In Dowd v. Stephenson, 105 N. C. 467, a president of a bank, who was indebted to another, instructed the cashier te pay the checks of his creditor out of the funds of the bank. This was done for the president’s convenience. The creditor’s account was overdrawn, but the checks were honored by the cashier on the instructions of the president, who appeared to be in*530debted to the creditor more than the amount of' the overdraft. The cashier stated that he honored these checks and looked to the president to pay them. No notice was sent to the creditor of his overdrafts, but the checks were charged- on the books of the bank to the creditor. It was decided that “in the absence of special authority for such purpose neither its president nor its cashier, nor these officers acting conjointly, had authority or right to appropriate and devote any part of the funds of the bank of which the plaintiff is receiver to the payment of such president’s personal debt due to the defendant. Such authority, ordinarily, was beyond the scope of the purpose and duties of such officers. No doubt the directors — the governing authority of -the bank — might allow them to exercise such power, or they might ratify such transaction, but it must in some way sufficiently appear that they did.” (p. 470.)

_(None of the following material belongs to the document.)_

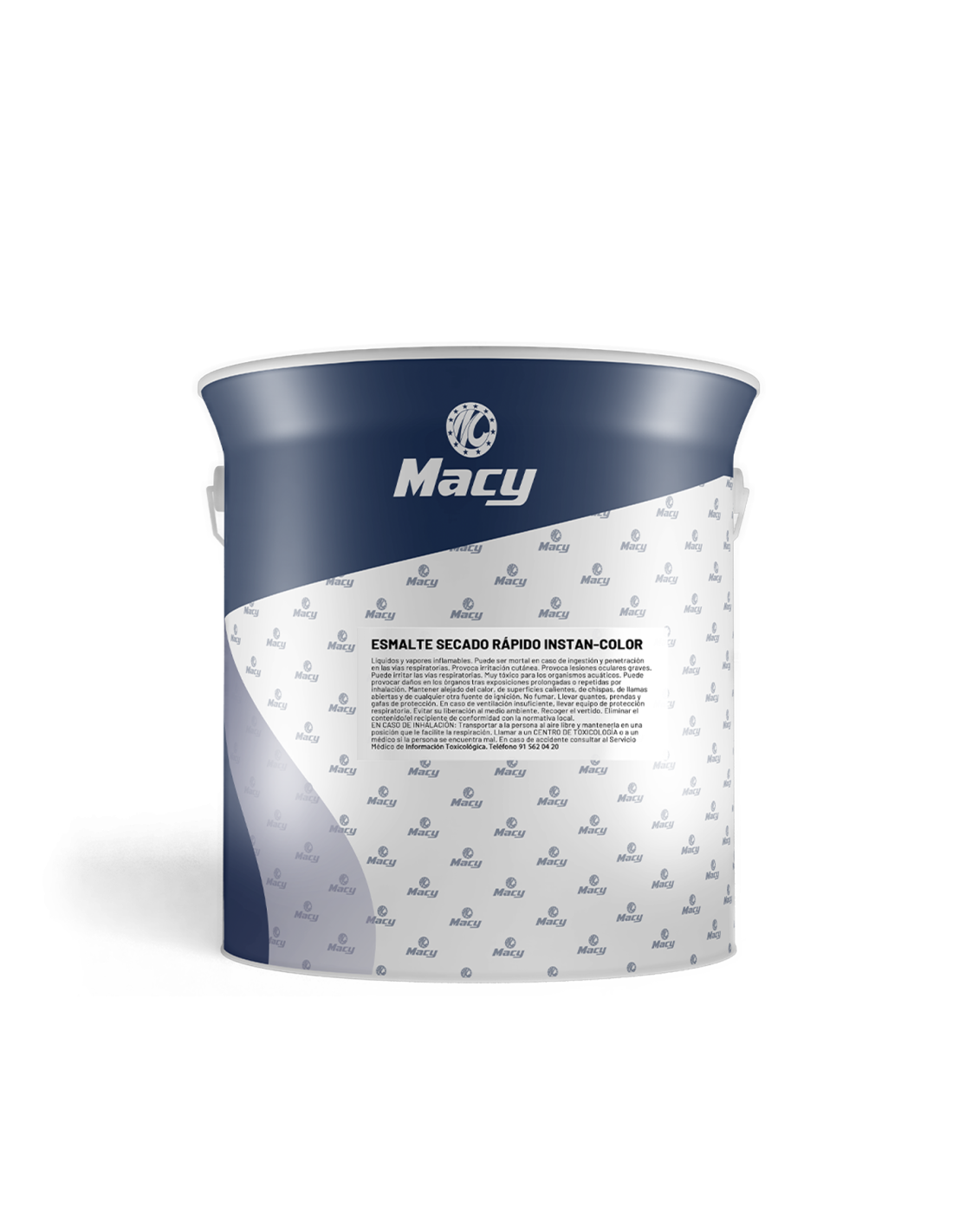 Embalaje: 1x15L, 2x4 L., 6x750 ml. Rendimiento / Mano: 7-12 m²/L. Según color. Fondear con: Hierro: Imprimación Sintética Macy. Para otras superficies: consultar dpto. técnico. Uso y propiedades: Industrial. Secado rápido. Peso específico: 0,95 - 1,20 Kg/L. Según base. Secado: Al tacto: 10-15 min. Total: 25-30 min. Repintado: 3-6 h. ó 5 días. Dilución: Disolvente 209. *: 5%, **: 7%, ***: 10%.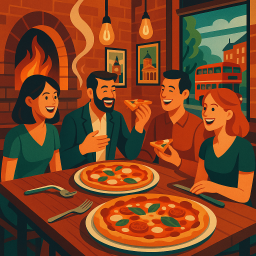 * Jetzt kann Peter das Abendessen mit seinen Freunden im Crisp Pizza London genießen!

(See, also, National Bank v. Drake, 29 Kan. 311; Cattle Co. v. Loan Co., 65 Kan. 359.)
Other considerations- would arise where there was some authorization or ratification of the acts of the officers by the board of directors, or where there were facts that would estop the bank to deny the authority of the officers, but as there was no proof supporting these theories there is no occasion to discuss them.
The instructions of the court did not conform with these views, and, besides, there was no basis in the evidence for some of the instructions that were given; and for the error of the court in charging the jury the case is reversed and the cause remanded for a new trial.